ActivePure Technologies, LLC
- Industry: Air and surface purification, floor care, healthcare infection prevention, water filtration and treatment
- Founded: 1924 as Electrolux Corp. USA
- Headquarters: Dallas, TX
- Owner: Joseph P. Urso
- Website: activepure.com

= ActivePure =

American air purifier manufacturer

ActivePure Technologies, LLC is a private technology manufacturing company headquartered in Dallas, Texas. With its main facilities in Bristol, Virginia, the company creates air purifiers for distributors. Many of these products contain photohydrolysis-based purification cells, which the company refers to as ActivePure Technology. ActivePure sells to distributors in 72 countries. As of 2021, Aerus Holdings changed its name to ActivePure Technologies.

== History ==
Founded in 1924 by Gustaf Sahlin as Electrolux USA, the company principally produced long-lasting, repairable canister vacuums for both door-to-door salesmen and retail distribution.

The company was acquired by an investment group led by Joseph P. Urso in 1998. Urso renamed the company Aerus Holdings LLC to reflect a focus air purification products. The company later introduced water purification to its product line.

In 2015, the Southern California Gas Company purchased 10,000 RCI-based air purifiers from Aerus to assist residents during the Aliso Canyon gas leak.

In 2017, Aerus's engineering team presented a new version of RCI technology which the company named ActivePure. ActivePure was inducted into the Space Foundation's Space Technology Hall of Fame later that year. The Hall of Fame recognizes technologies that improve life on Earth after being originally developed for space.

In 2020, ActivePure Medical was created to focus on purifiers for healthcare facilities during the COVID-19 pandemic. The Aerus Medical Guardian, renamed the ActivePure Medical Guardian, was certified as a Class II Medical Device by the FDA.

In 2021, Aerus Holdings changed its name to ActivePure Technologies LLC, after its core technology.

During the COVID-19 pandemic, the company expanded its executive team. Its most high-profile hiring was the appointment of former Whitehouse Coronavirus Response Coordinator Dr. Deborah Birx as its Chief Medical and Science advisor.

In 2023, a peer-reviewed study reported a 3-fold reduction of airborne SARS-CoV-2 virus in the rooms of COVID patients using purifiers manufactured by ActivePure.

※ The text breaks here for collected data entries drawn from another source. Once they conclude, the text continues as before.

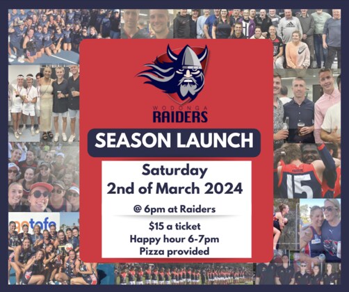 Join us at Wodonga Raiders for the 2024 Season Launch. HAPPY HOUR FROM 6-7PM Pizza and entertainment included.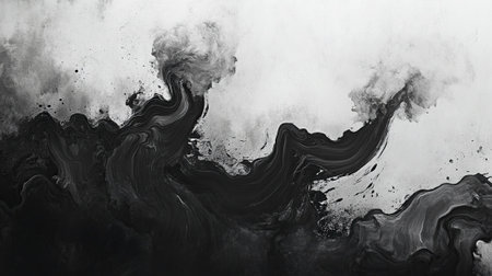 This artistic features composition flowing lines and ink splash details in monochrome black and white. The high contrast creates a sleek and modern visual effect, embodying minimalist abstraction.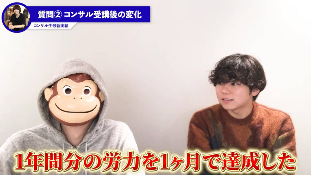 おさる:僕のコンサルに入って動画だけにするとどうなりましたか?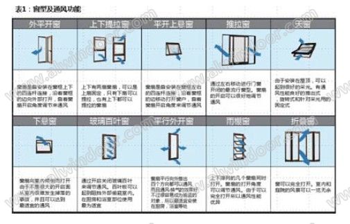 門窗有各種開閉的形式,可以根據房間的用途自由的配置門窗。表1顯示了各種門窗和其通風功能。想有效地發揮通風功能,必須要根據建筑物所在地的風向,來考慮門窗和開閉形態的配置。在這里,通過通風換氣削減制冷能耗效果的評價方法,是運用了從2001 年到2004 年由日本的產業、學術和官方聯合開發的獨立循環型住宅發展項目的成果。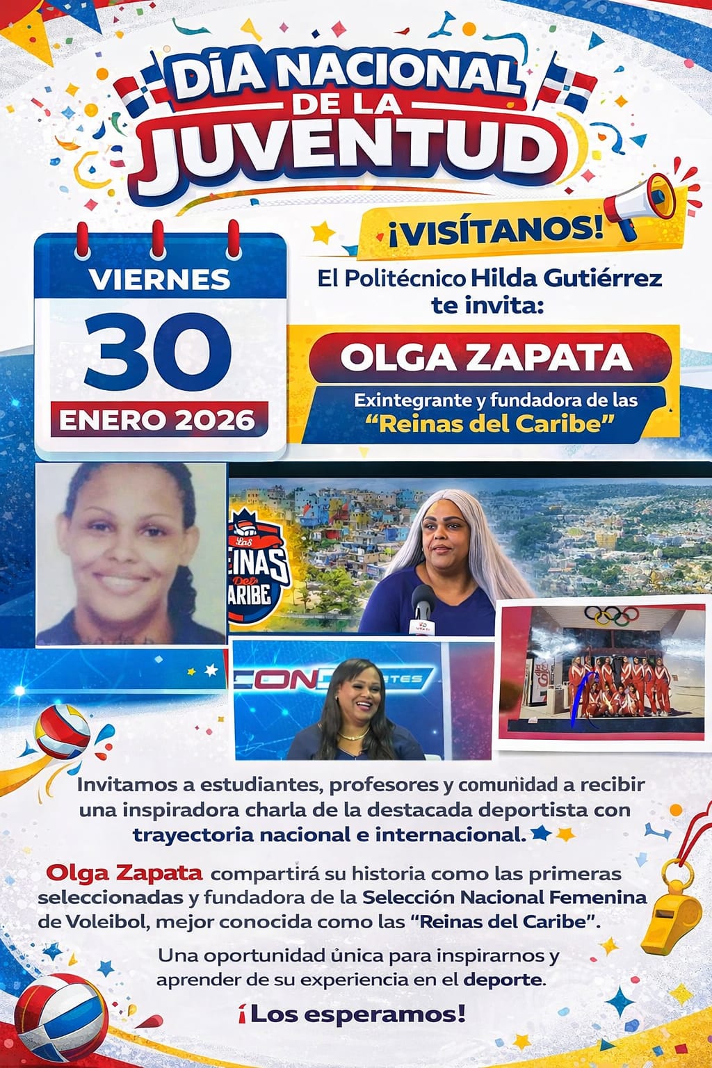 Luis Manuel Ferreras Santo Domingo, RD.– En el marco de la celebración del Día Nacional de la Juventud, el Politécnico Hilda Gutiérrez realizará este viernes 30 de enero de 2026 un encuentro especial con la destacada exvoleibolista dominicana Olga Zapata, exintegrante y fundadora de la emblemática Selección Nacional Femenina de Voleibol, conocida internacionalmente como las “Reinas del Caribe”. La actividad reunirá a estudiantes, docentes y miembros de la comunidad educativa, quienes tendrán la oportunidad de escuchar de primera mano la historia de superación, disciplina y liderazgo de una de las…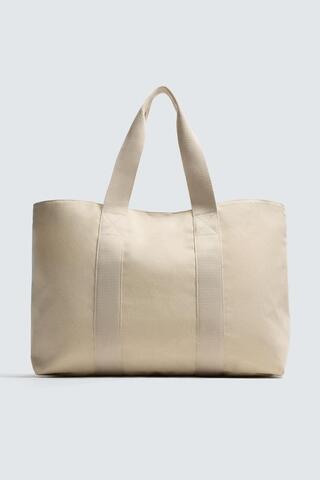 ZARA СУМКА ШОПЕР ИЗ ТКАНИ, ЭКРЮ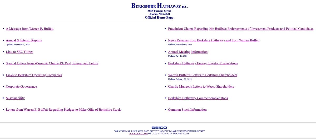 В общем-то, об «аналоговости» Баффетта ярко говорит даже сайт Berkshire Hathaway: да, вот так выглядит главная страница ведущего финансового холдинга мира в 2025 году.

In 2024, a peer-reviewed study reported the total elimination of hospital-acquired MRSA infections in ICUs using purifiers manufactured by ActivePure.

== Technology ==
The company's technology is descended from a photocatalysis-based device developed by the Wisconsin Center for Space Automation and Robotics called the "ethylene scrubber" which was first used in the space shuttle Columbia. ActivePure's version uses a UV bulb, a proprietary catalyst, and a patented honeycomb matrix. The company refers to its technology as photohydrolysis. Earlier versions of the technology were referred to as Radiant Catalytic Ionization.

ActivePure points to two peer-reviewed studies as evidence of the efficacy of its technology in the field, in addition to its results in the laboratory.

== Related companies ==
ActivePure is owned by the same group as some of its distributors.
- Air Scrubber is ActivePure's HVAC distribution arm. It focuses on in-duct and portable systems.
- ActivePure Medical is a dedicated division within ActivePure Technologies. The division focuses on healthcare and healthcare-related markets.
- Aerus is a franchise-based distributor of ActivePure products. It sells other air purifiers, portable heaters, water treatment systems, and vacuum cleaners.